Cedric Hardwicke appeared in Alfred Hitchcock's Suspicion about a shy young English woman who marries a charming gentleman, then begins to suspect him of trying to kill her. Hardwicke's last horror role was the 1964 TV movie The Unknown, a twisted tale in which two women, Kassia and Leonora, are driven by a fanatical blackmailer, named André, in a white Rolls Royce at full speed. A murder, a strange blind man, and a time machine that can bring the dead back to life, this tale was shown as an episode of "The Outer Limits".

The Invisible Man Returns was Nan Grey's last horror film. She also appeared in the 1936 Dracula's Daughter, based on Bram Stoker's "Dracula's Guest", the excised chapter from Lugosi's Dracular published two years after his death. Hungarian countess Marya Zaleska seeks the aid of a noted psychiatrist, in hopes of freeing herself of a mysterious evil influence.

John Sutton's last horror film, The Bat reunited him with Price. A crazed killer known as "The Bat" is on the loose in a mansion full of people.

Cecil Kellaway's last horror film was Hush...Hush, Sweet Charlotte, the 1964 film won the 1965 Edgar Allan Poe Award for best picture and was nominated for 7 Academy Awards. The arrival of a lost relative, engulfs terror upon an aging southern belle, forever plagued by a horrifying family secret.

This was Joe May's only horror as a director, but is credited as one of the writers in the 1940 continuation of the Invisible Man series The Invisible Woman, a horror comedy where an attractive model with an ulterior motive volunteers as guinea pig for an invisibility machine.
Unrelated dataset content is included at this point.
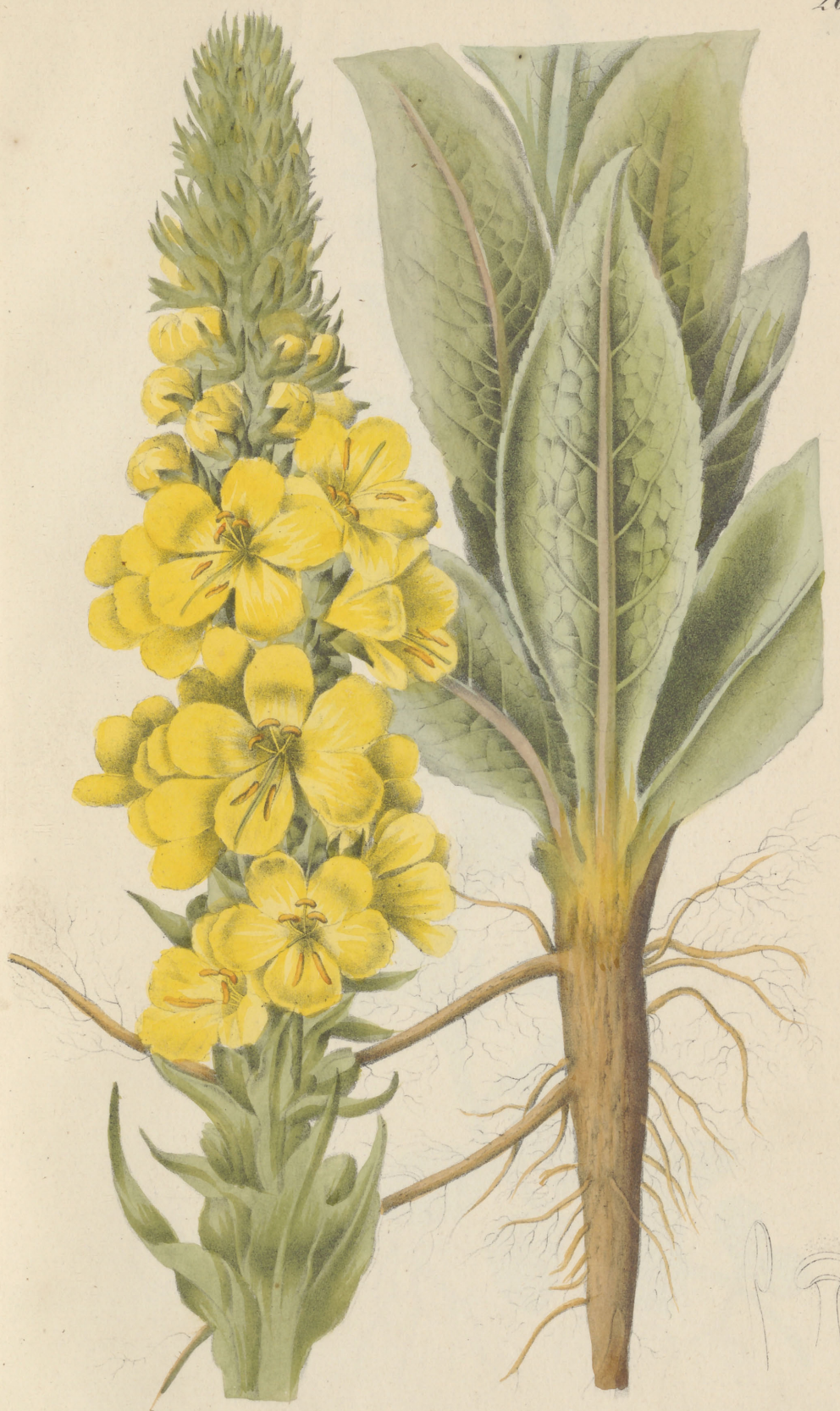
Verbascum thapsiforme Schrader.

Curt Siodmak's work continues to influence movies. In 2001, his screenplay I Walked with a Zombie was adapted into Ritual with Tim Curry. Dr. Alice Dodgson gets her medical license revoked after the death of one of her patients. She accepts to be the nurse for Wesley Claybourne who suffers from cephallitis. Aside from the sickness he's suffering, Wesley believes he has been "touched" by some voodoo cult. While she stays in Jamaica, Dr. Dodgson discovers that voodoo is not only a "state of mind" and could be a real threat to her life and Wesley's. She'll have to discover why she and her patient are targets of the voodoo curse. His novel Donovan's Brain was adapted for the 1962 horror The Brain. A millionaire businessman's brain is kept alive after a fatal accident, and communicates clues to a doctor on the trail of the killer. He had an uncredited hand in the writing of the 1961 horror The Devil's Messenger, a 50,000-year-old woman is found frozen in an ice field, and a man's death is foretold in dreams, starring Lon Chaney as the Devil. Siodmak followed The Invisible Man Returns with 1940's Black Friday. When his friend Professor Kingsely is at deaths door, brain surgeon Dr. Sovac saves his life by means of an illegal operation that transplants part of injured gangster Red Cannon's brain. Unfortunately, the operation has a disasterous Jeckll and Hyde side effect and under certain conditions the persona of Cannon emerges starring Bela Lugosi and Boris Karloff.